### EXERCISE DETAILS
Print the lines below from the line with "고물가 지역이라는 점을" to the line with "LOT 312: Collection" exactly, keeping both ends, and print no pictures.
MATERIAL FOR THIS TASK START
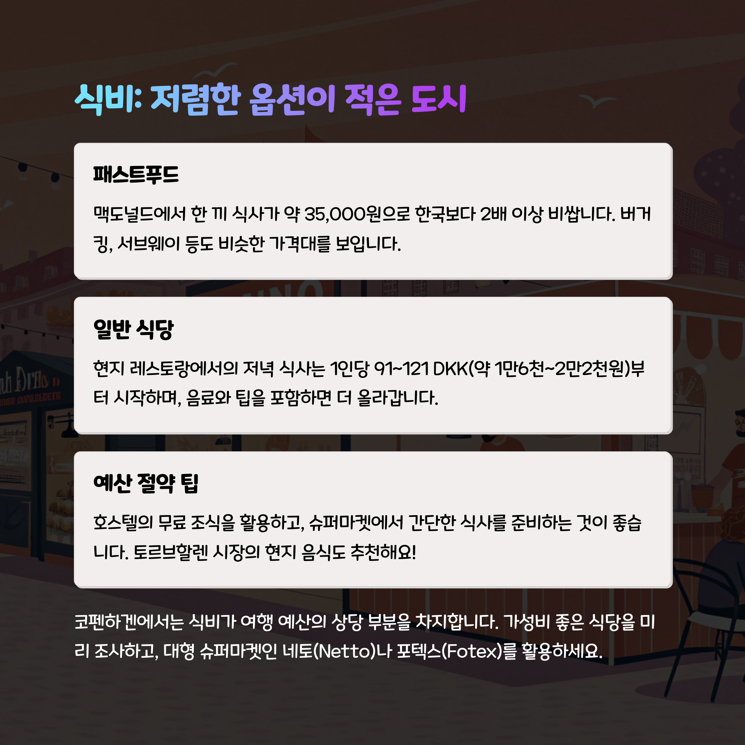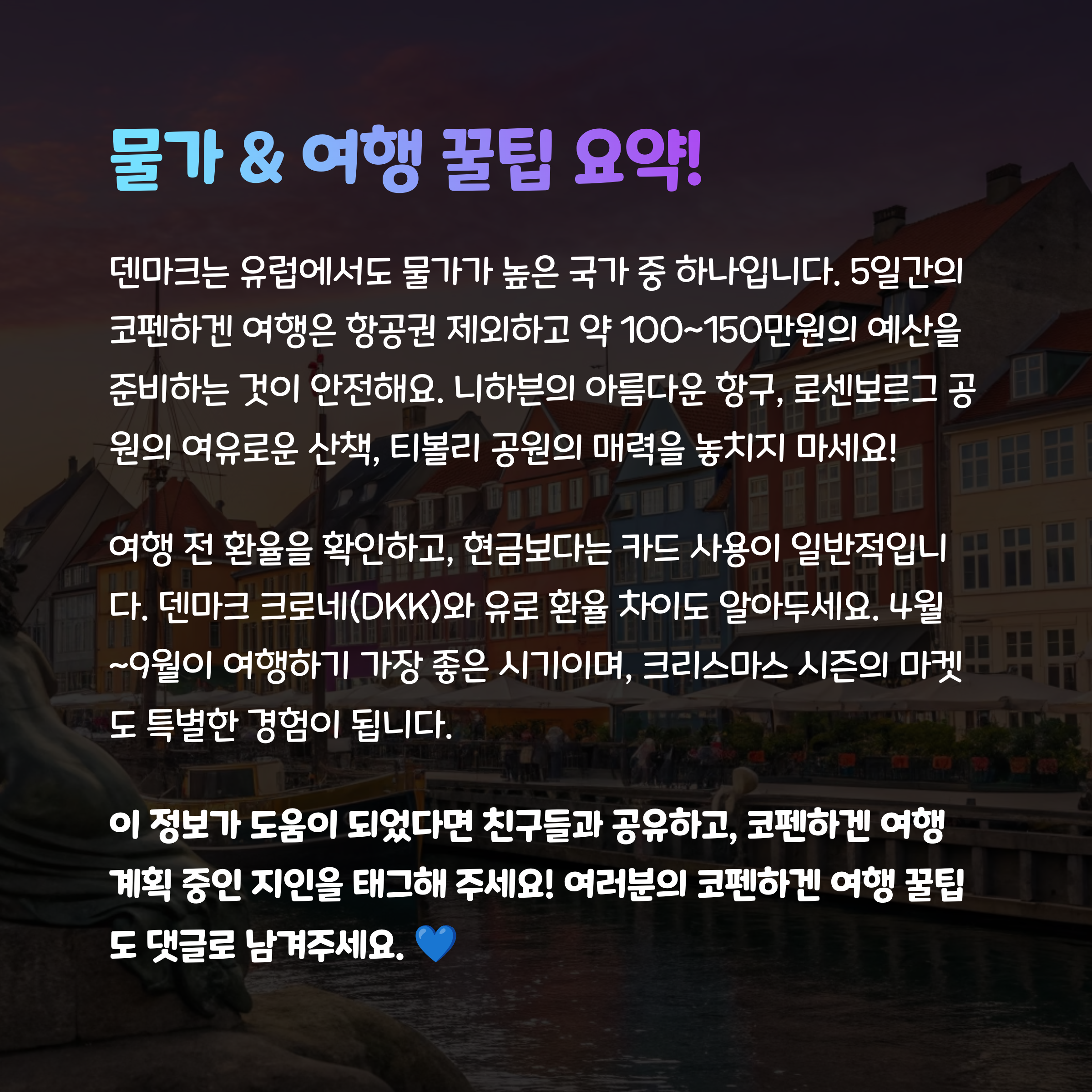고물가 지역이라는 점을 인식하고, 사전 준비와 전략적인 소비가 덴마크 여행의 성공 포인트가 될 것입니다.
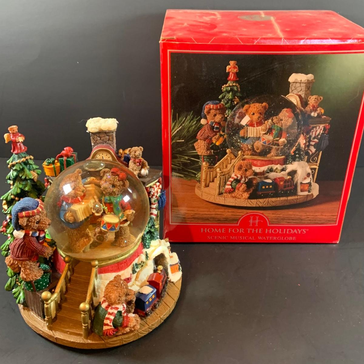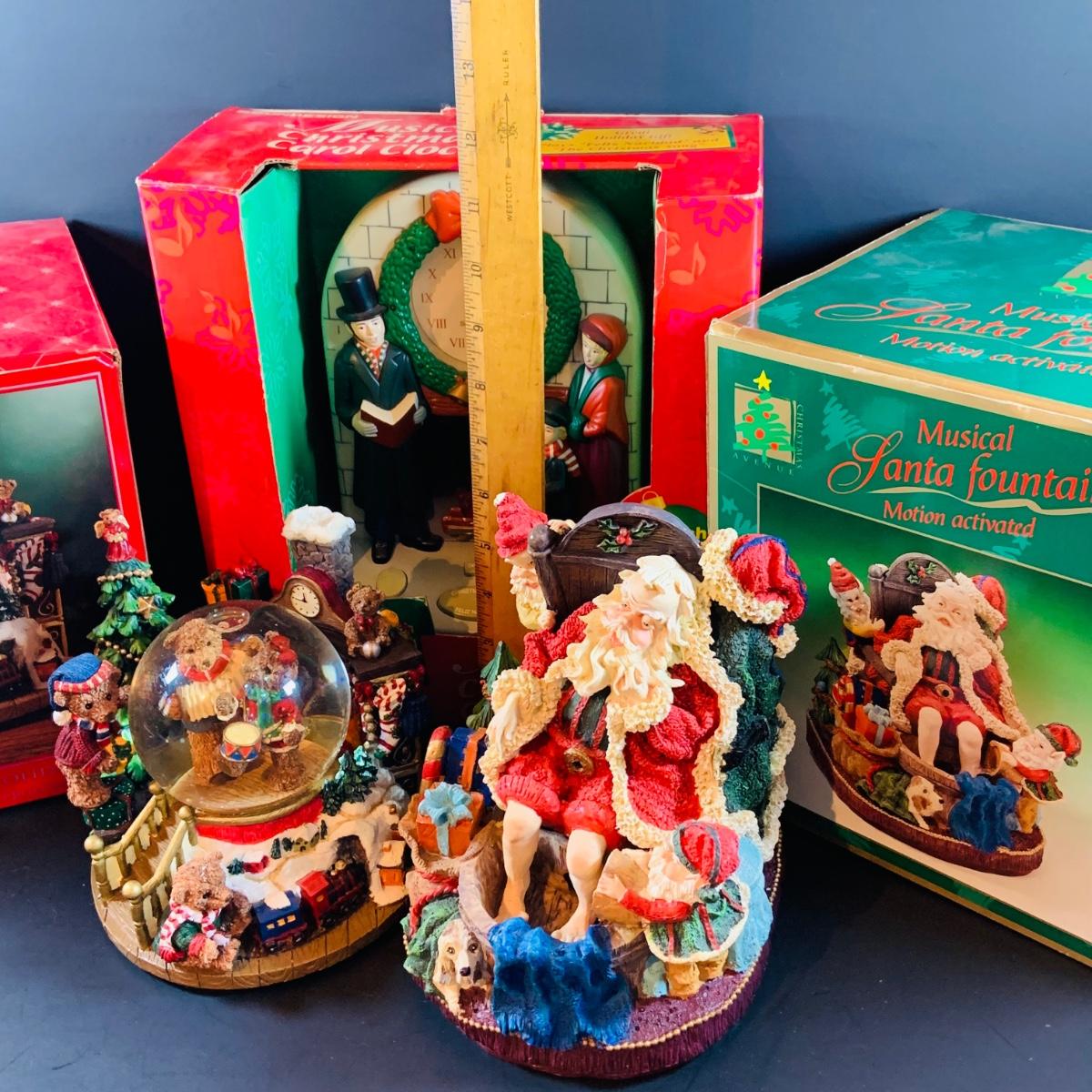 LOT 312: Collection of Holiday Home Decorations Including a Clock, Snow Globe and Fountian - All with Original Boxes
MATERIAL FOR THIS TASK END
MATERIAL FOR THIS TASK START
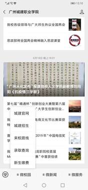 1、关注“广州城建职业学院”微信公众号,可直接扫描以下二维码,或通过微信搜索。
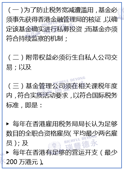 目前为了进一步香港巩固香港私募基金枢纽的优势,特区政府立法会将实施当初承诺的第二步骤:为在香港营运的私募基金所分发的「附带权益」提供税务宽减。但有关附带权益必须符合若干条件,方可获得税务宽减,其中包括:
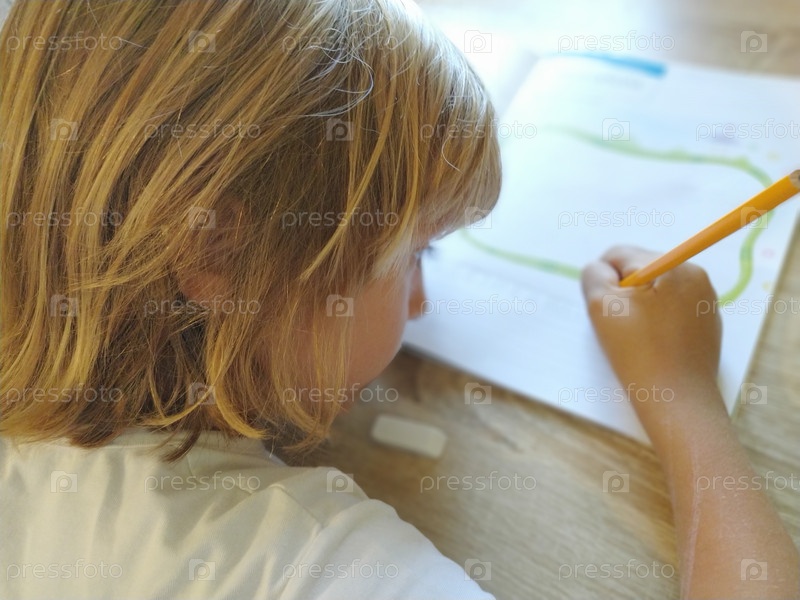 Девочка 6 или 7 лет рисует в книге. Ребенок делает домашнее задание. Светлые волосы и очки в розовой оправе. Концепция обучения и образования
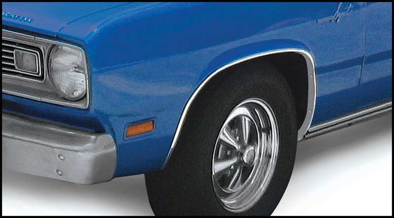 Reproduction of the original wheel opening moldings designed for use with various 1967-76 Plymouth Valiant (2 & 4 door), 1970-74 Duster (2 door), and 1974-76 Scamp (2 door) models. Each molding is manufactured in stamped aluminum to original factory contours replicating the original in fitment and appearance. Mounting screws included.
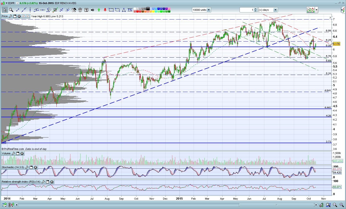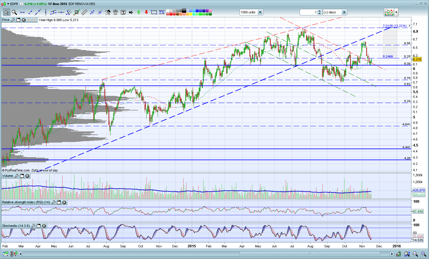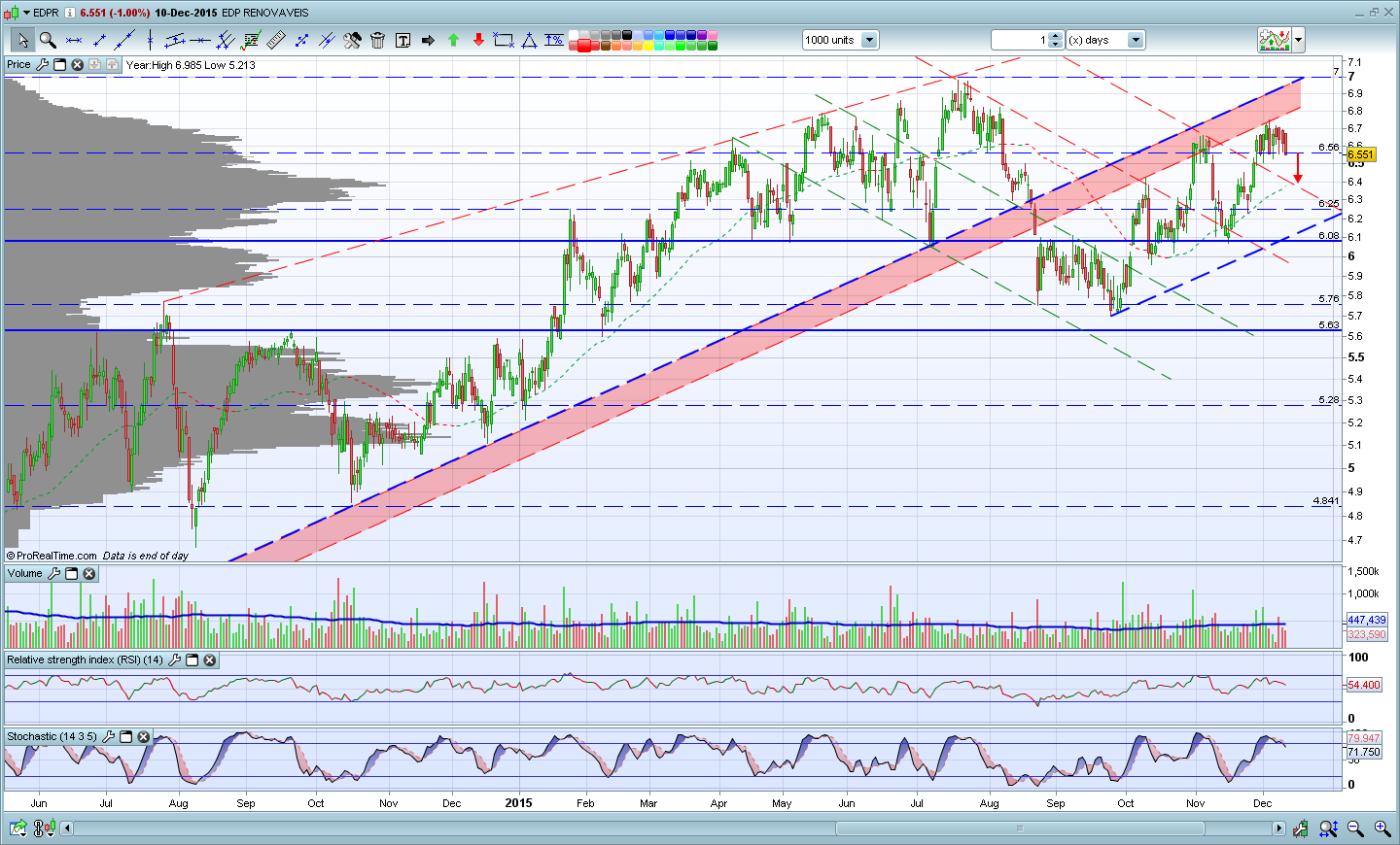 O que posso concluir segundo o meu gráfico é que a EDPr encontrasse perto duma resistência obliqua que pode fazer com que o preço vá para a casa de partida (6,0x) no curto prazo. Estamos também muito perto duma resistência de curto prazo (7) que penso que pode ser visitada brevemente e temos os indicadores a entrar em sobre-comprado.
MATERIAL FOR THIS TASK END
### RESPONSE BELOW
고물가 지역이라는 점을 인식하고, 사전 준비와 전략적인 소비가 덴마크 여행의 성공 포인트가 될 것입니다.
 LOT 312: Collection of Holiday Home Decorations Including a Clock, Snow Globe and Fountian - All with Original Boxes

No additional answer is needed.